PROMPT -> Find the line below with "Salmon fishing, British Columbia." and the line with "MALCOLM FAIRLEY, London". Output exactly those lines and everything between them, leaving out the pictures.

RECORDED INFORMATION ->
══════

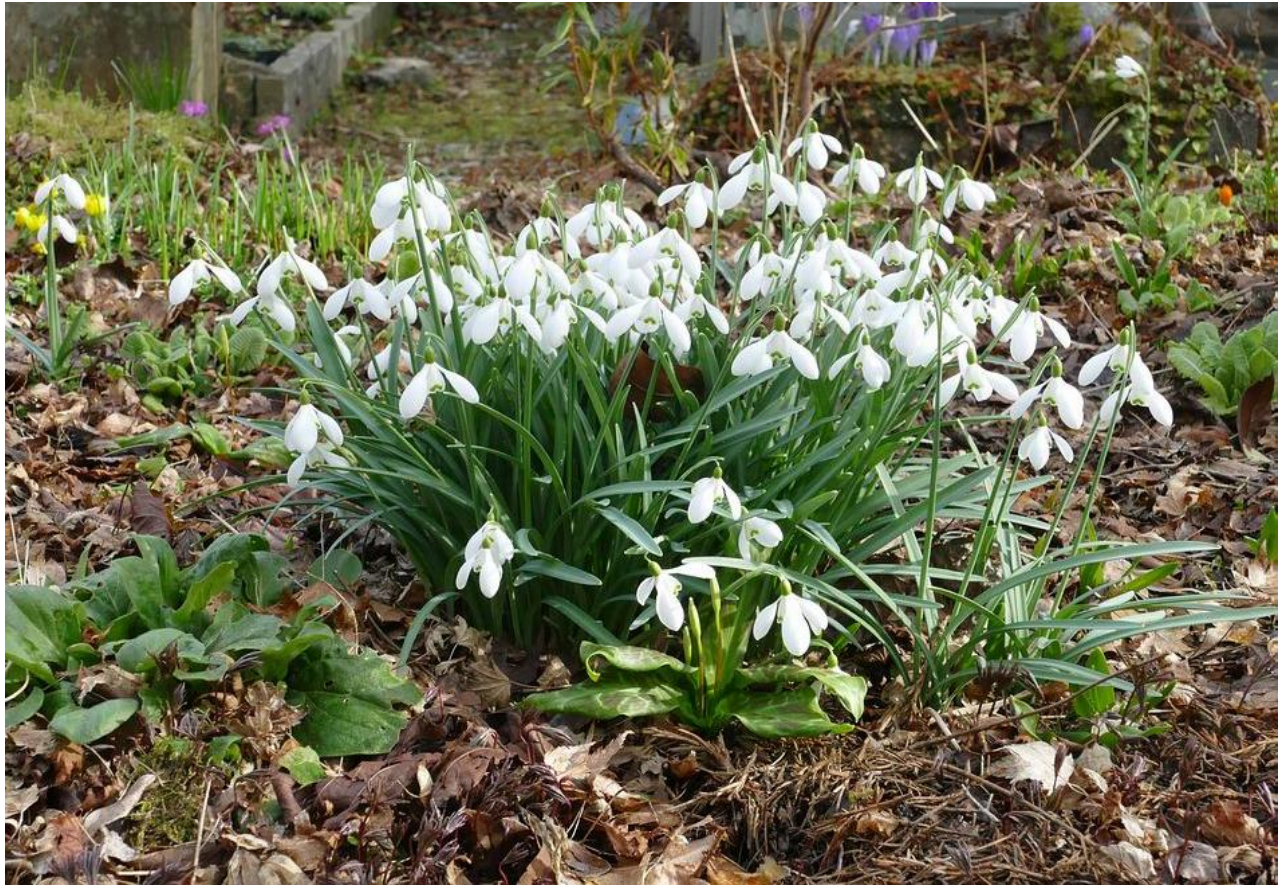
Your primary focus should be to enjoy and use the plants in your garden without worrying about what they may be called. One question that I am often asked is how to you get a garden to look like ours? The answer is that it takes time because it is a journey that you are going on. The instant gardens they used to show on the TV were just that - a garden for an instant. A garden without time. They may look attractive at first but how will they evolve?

══════

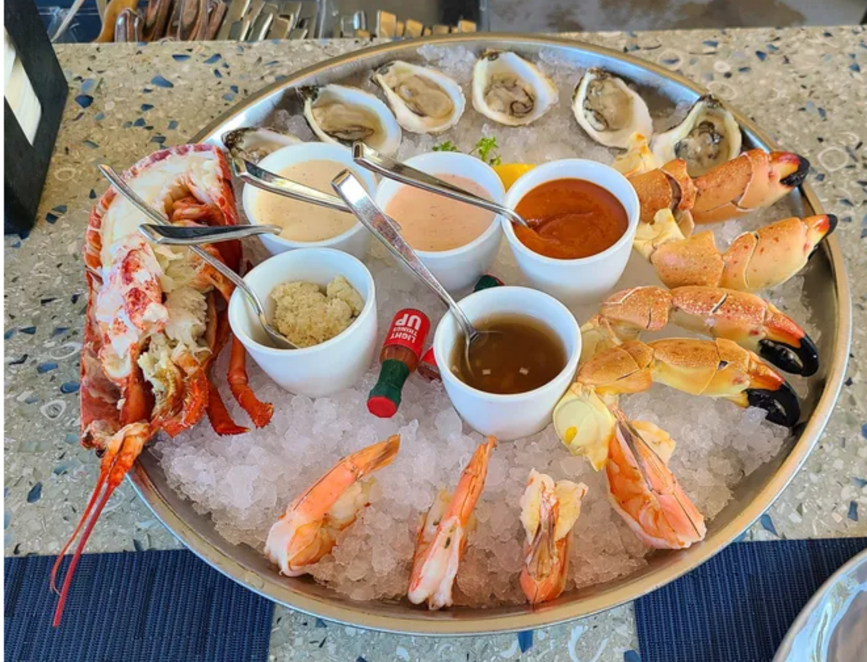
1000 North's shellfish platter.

══════

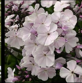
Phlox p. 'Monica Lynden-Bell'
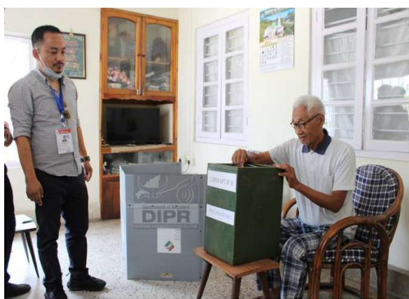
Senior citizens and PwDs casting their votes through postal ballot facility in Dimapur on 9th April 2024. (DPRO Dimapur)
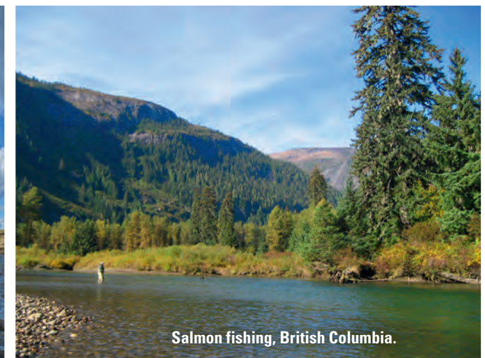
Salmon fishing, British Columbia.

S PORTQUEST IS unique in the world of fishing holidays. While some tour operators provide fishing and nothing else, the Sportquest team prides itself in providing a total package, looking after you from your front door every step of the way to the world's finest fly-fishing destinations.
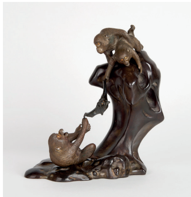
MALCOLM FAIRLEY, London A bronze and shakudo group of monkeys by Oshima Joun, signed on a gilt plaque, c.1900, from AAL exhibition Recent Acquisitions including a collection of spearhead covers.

══════

ANSWER SECTION ->
Salmon fishing, British Columbia.

S PORTQUEST IS unique in the world of fishing holidays. While some tour operators provide fishing and nothing else, the Sportquest team prides itself in providing a total package, looking after you from your front door every step of the way to the world's finest fly-fishing destinations.
MALCOLM FAIRLEY, London A bronze and shakudo group of monkeys by Oshima Joun, signed on a gilt plaque, c.1900, from AAL exhibition Recent Acquisitions including a collection of spearhead covers.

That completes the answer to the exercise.